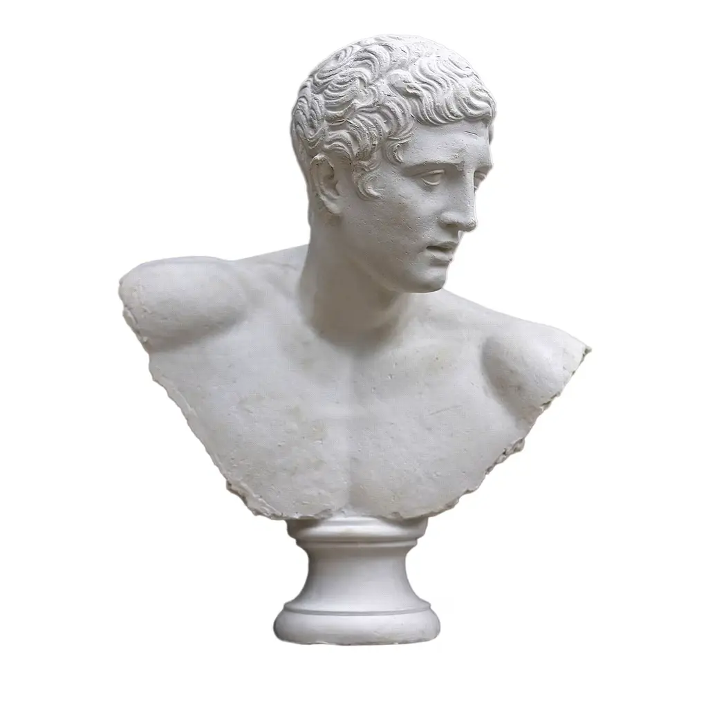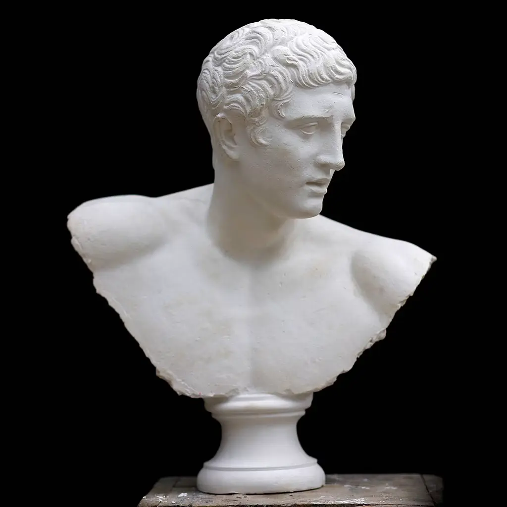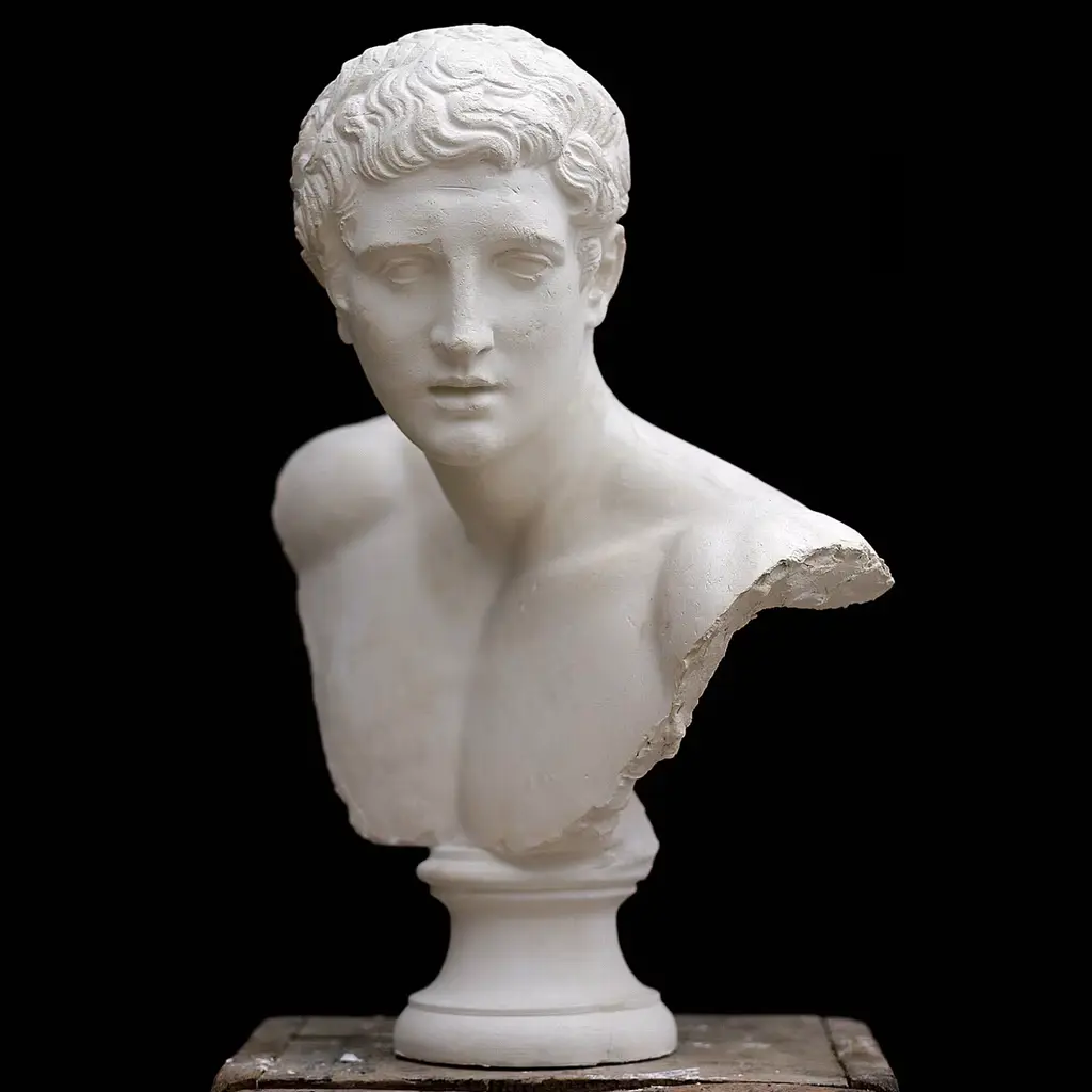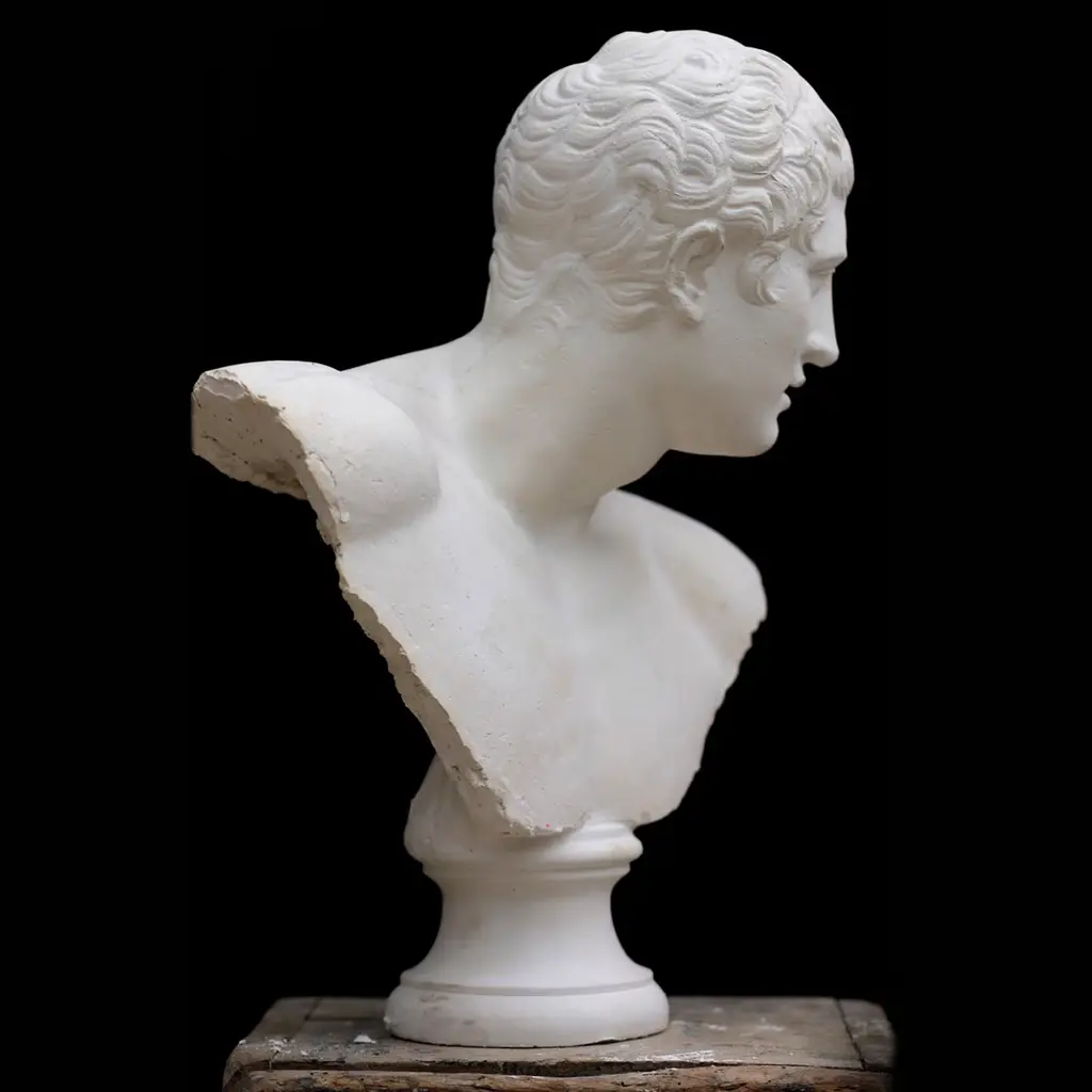 This exquisite bust is an exact depiction of the face of the Discobolus, the famous Greek sculpture whose celebrated Roman copies are housed in the National British Museum and the Museo Nazionale Romano. Hand-sculpted by the artists at the Studio Galleria Romanelli, the irregular cut of the fragment contrasts with the perfect definition of the face and hair. The bust can be customized in white or with an antique effect, please ask the Concierge for details.
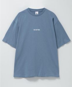イヤホンで音楽を聴いている女の子のプリントが特徴的な半袖Tシャツ。
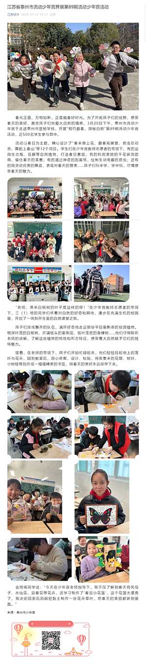 春光正盛,万物如新,正是踏春好时光。为了开拓孩子们的视野、感受春天的美好,激发孩子们热爱大自然的情感,3月20日下午,泰州市流动少年宫于走进泰州市罡杨学校,开展“相约趣春,探秘自然”第89期流动少年宫活动,近500名学生参与其中。
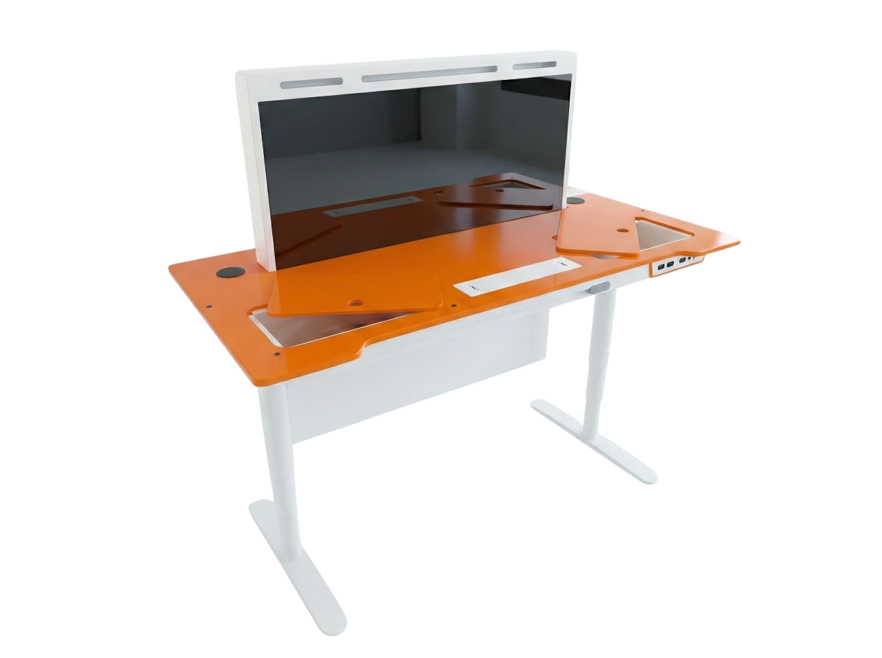 Режим «Письменный стол»: Одним нажатием кнопки монитор плавно, с помощью электропривода, опускается внутрь антивандального корпуса. Столешница становится абсолютно ровной. Это пространство можно использовать для настольных игр, письма, работы с карточками или методическими пособиями.
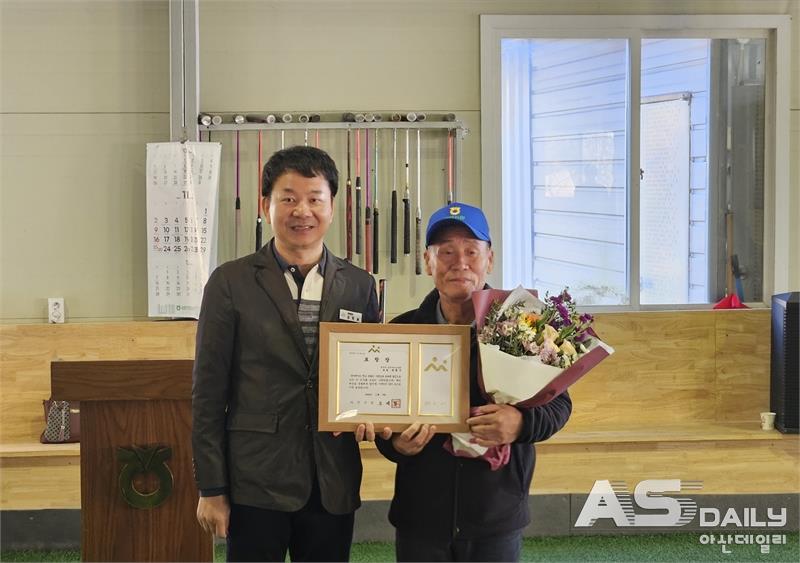 ▲게이트볼회원에게 아산시장 표창을 수여하고 있다.
□ □ □ □ □
* **Directions for this task**: Nothing but the lines from the one containing "イヤホンで音楽を聴いている女の子のプリントが特徴的な半袖Tシャツ。" through the one containing "春光正盛,万物如新,正是踏春" should appear, copied exactly from the material above and without pictures.

* **Answer section**:
イヤホンで音楽を聴いている女の子のプリントが特徴的な半袖Tシャツ。
 春光正盛,万物如新,正是踏春好时光。为了开拓孩子们的视野、感受春天的美好,激发孩子们热爱大自然的情感,3月20日下午,泰州市流动少年宫于走进泰州市罡杨学校,开展“相约趣春,探秘自然”第89期流动少年宫活动,近500名学生参与其中。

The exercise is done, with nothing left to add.